Task statement: Nothing but the lines below from the one with "Avonturenboerderij Molenwaard wenst" through the one with "- GRADLE_USER_HOME:gradle 目录下的" should be output, each exactly as given, and no pictures.

--- Records for this task ---

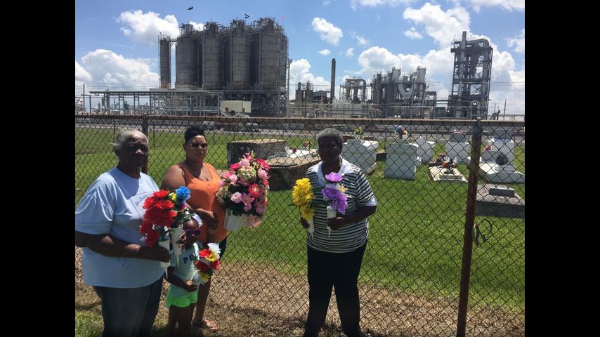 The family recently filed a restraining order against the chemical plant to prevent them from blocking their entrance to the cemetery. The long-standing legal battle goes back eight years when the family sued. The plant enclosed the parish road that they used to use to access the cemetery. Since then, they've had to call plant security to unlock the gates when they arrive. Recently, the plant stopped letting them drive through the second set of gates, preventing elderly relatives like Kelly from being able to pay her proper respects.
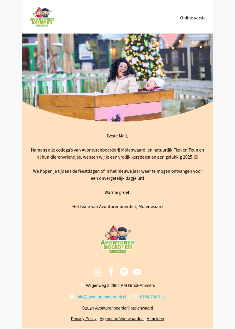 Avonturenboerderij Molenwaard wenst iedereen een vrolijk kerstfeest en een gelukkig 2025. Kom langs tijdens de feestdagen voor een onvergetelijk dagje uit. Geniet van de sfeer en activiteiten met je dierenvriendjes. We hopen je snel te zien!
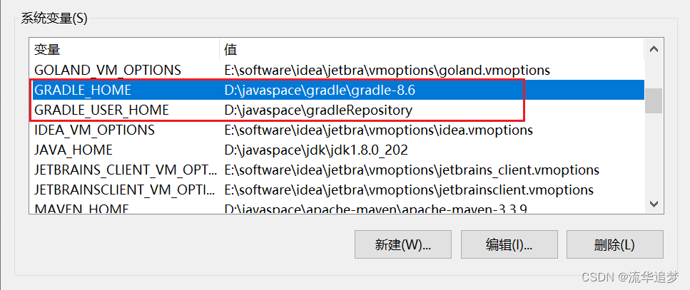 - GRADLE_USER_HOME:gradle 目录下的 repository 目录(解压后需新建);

---
--- Records for this task ---

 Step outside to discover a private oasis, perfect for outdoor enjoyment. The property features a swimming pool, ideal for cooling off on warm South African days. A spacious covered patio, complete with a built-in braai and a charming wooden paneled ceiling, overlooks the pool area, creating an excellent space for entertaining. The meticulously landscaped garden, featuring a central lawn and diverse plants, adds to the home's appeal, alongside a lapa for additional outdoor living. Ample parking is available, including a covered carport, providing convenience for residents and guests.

---
--- Records for this task ---

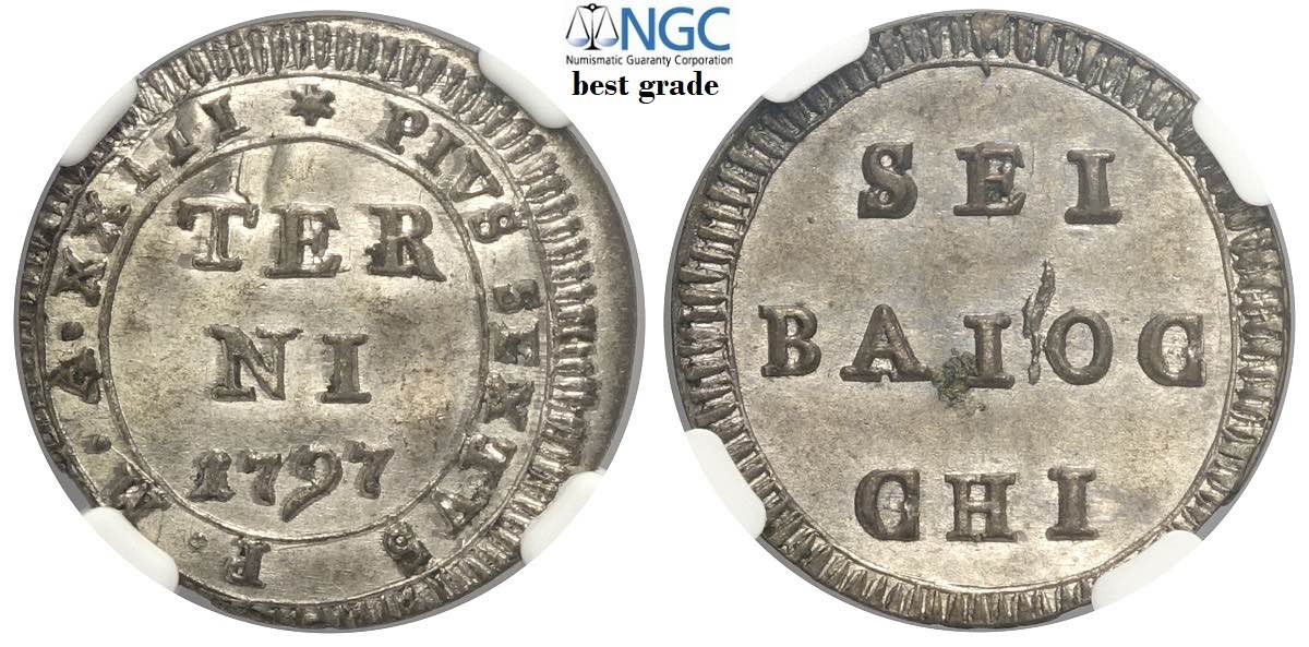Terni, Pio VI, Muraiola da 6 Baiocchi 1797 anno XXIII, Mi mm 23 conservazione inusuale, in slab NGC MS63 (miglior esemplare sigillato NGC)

---

Expected answer:
 Avonturenboerderij Molenwaard wenst iedereen een vrolijk kerstfeest en een gelukkig 2025. Kom langs tijdens de feestdagen voor een onvergetelijk dagje uit. Geniet van de sfeer en activiteiten met je dierenvriendjes. We hopen je snel te zien!
 - GRADLE_USER_HOME:gradle 目录下的 repository 目录(解压后需新建);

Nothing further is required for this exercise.